3 The inventory is also on the Arquivo Público Mineiro [Public Archive of Minas Gerais] website. Available at: http://www.siaapm.cultura.mg.gov.br/modules/fundos_colecoes/brtacervo.php?cid=12. Accessed on: 27 Feb. 2023.

4 This is a non-probabilistic sampling, in which the elements are accessible. That is, objects are selected because they are readily available, not because they were selected using a statistical criterion.

5 The QPcard 101 scale is a chromatic reference chart with three shades of gray for defining the white balance and dimensional scale to assist in documenting and processing images of objects.

6 In the paper folio pattern, the set of closely parallel horizontal wires is called bends and these rest on the set of more widely spaced vertical wires, called point wires. The distances between points and bends normally varied from one manufacturer to another, imprinting characteristics on the papers that could differentiate paper mills.

7 The Memory of Paper Catalogue. Available at: https://www.memoryofpaper.eu. Accessed on: 27 feb. 2023.

8 Banco de dados de filigranas. Available at: http://www.cahip.org/. Accessed on: 27 feb. 2023.

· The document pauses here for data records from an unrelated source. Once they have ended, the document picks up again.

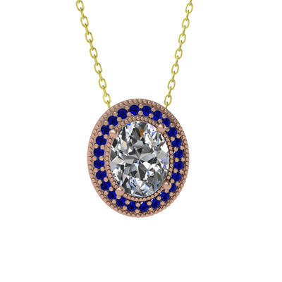 Swarovski ve lab safir 925 ayar rose altın kaplama gümüş kolye (40 cm altın rolo zincir)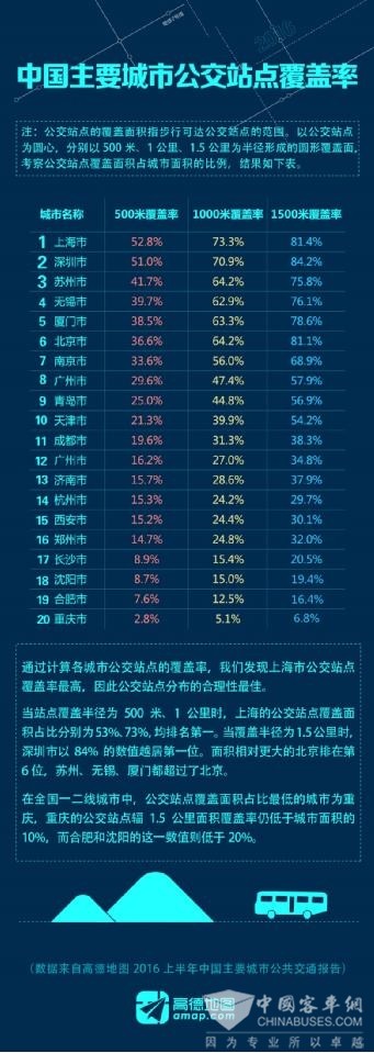 当站点覆盖半径为500米、1公里时,上海的公交站点覆盖面积占比分别为53%、73%,均排名第一;当覆盖半径为1.5公里时,深圳市以84%的数值越居第一位。尽管北京市的公交站点数量和线路数量均是全国最多,但由于其面积相对更大,站点覆盖率只排在第6位,苏州、无锡、厦门都超过了北京。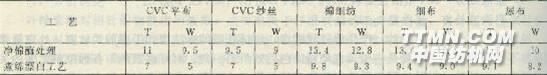 生物凈棉酶GXI的前處理生產(chǎn)實(shí)踐(江蘇省南通市) (1)品種 CVC48”45×45 110×76 3000re CVC48”20×20 100×53 50000m C 67"60×60 90×88 20萬(wàn)米 C 50”40×40 50×50 1萬(wàn)米 C尿布36”21/2×10 85×88 2萬(wàn)米 (2)使用凈棉酶工藝流程 坯布→檢驗(yàn)→攤布→縫頭→燒毛→凈棉酶處理→絲光→拉幅→染色→柔軟拉幅→防縮→成品。 (3)常規(guī)工藝流程 坯布→檢驗(yàn)→攤縫→煮退→氧漂→絲光→拉幅→染色→柔拉→防縮→成品。 (4)兩個(gè)工藝流程的應(yīng)用情況比較 ①?gòu)?qiáng)力比較,見(jiàn)表3—54。 表3-54各工序后強(qiáng)力測(cè)試結(jié)果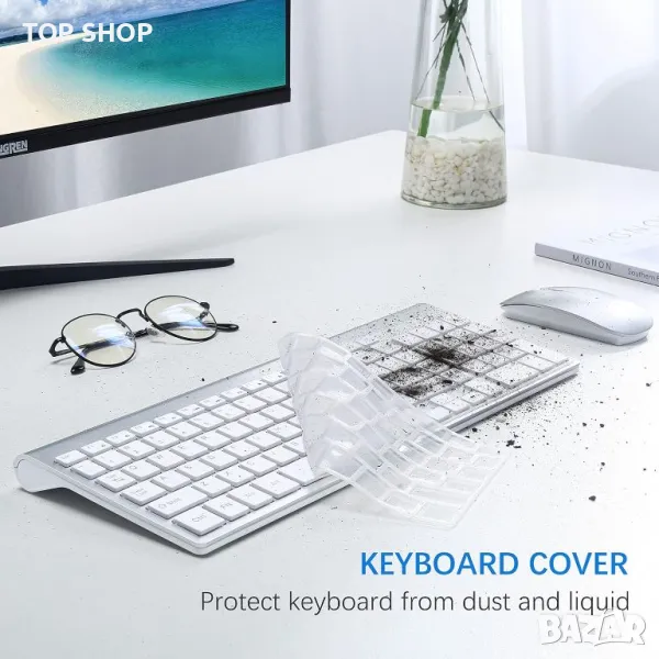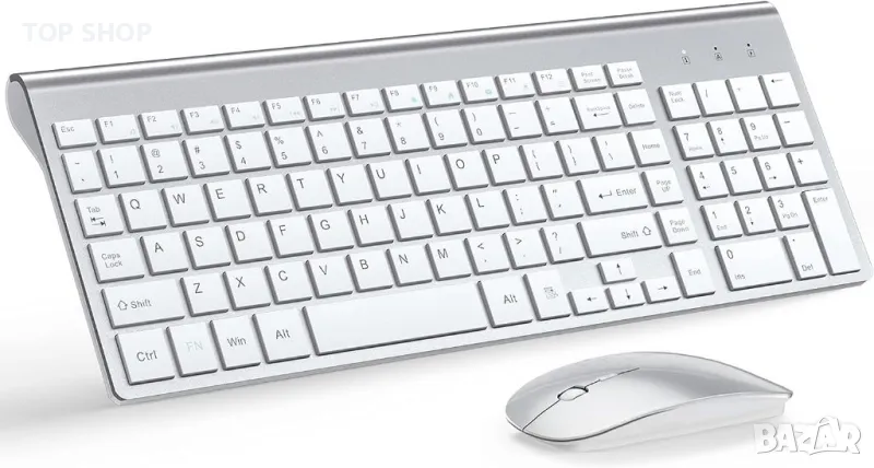 Безжична клавиатура и мишка TopMate Ultra Slim Combo, 2.4G безшумна компактна USB мишка и комплект клавиатура с ножичен превключвател с капак, 2 AA и 2 AAA батерии, за PC/лаптоп/Windows/Mac - сребристо бял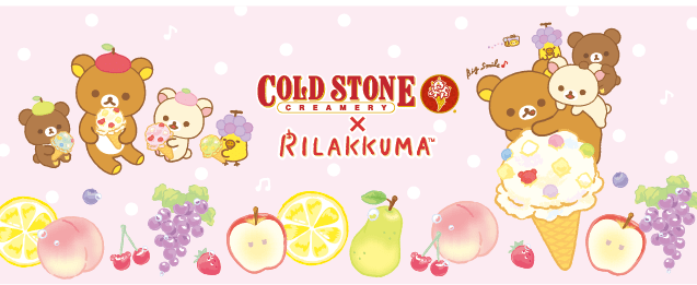 リラックマは、 サンエックス株式会社から生み出されたキャラクターです。 ”フルーツいっぱいのアイスクリームで、 リラックマも最高にハッピーに♪”をテーマに、 コールドストーンとのコラボレーションメニューが実現いたしました。

9 The catalog is available at: https://www.memoryofpaper.eu/apm/apm.php?nr=1. Accessed on: 27 feb. 2023.

10 Fabriano is also known for the work of its blacksmiths. In the commune’s coat of arms, there is the figure of the blacksmith on a bridge over the river with the following phrase: “Faber in amne cudit cartam olim undique fudit”, which, in free translation, says: “The blacksmith in the river beats paper scattered everywhere”, also highlighting paper production.

11 According to the number assigned during the research.

12 Museo della Carta Mele. Available at: https://www.museocartamele.it/. Accessed on: 27 Feb. 2023.

13 Centro Documentazione e Studi Cassinati. Available at: https://www.cdsconlus.it/index.php/2016/09/24/la-cartiera-piccardo-di-fontana-liri1/. Accessed on: 27 Feb. 2023.

14 While Santos (2015) cites the name of António M. Pollera as the one who uses the monogram “AMP” (p. 53) and “AP” (p. 91), Sabbatini (1988) highlights that there is another representative of the Pollera family, Andrea Maria Pollera, who also identifies with the monogram “AP” (p. 98). Therefore, it was not possible to identify the first name of this manufacturer.

15 The same watermark distribution scheme can be seen in the brand inventoried by Santos (2015, p. 102), under the numbers MJ 172 z1 and MJ 172 z.

16 The translation of the word “leg” in Italian is “gamba”, which alludes to the Gambino family.

17 Extremely deteriorated paper, with major support losses, was disregarded, since the loss of material influences the final weight of the paper and, consequently, the calculation of the paperweight.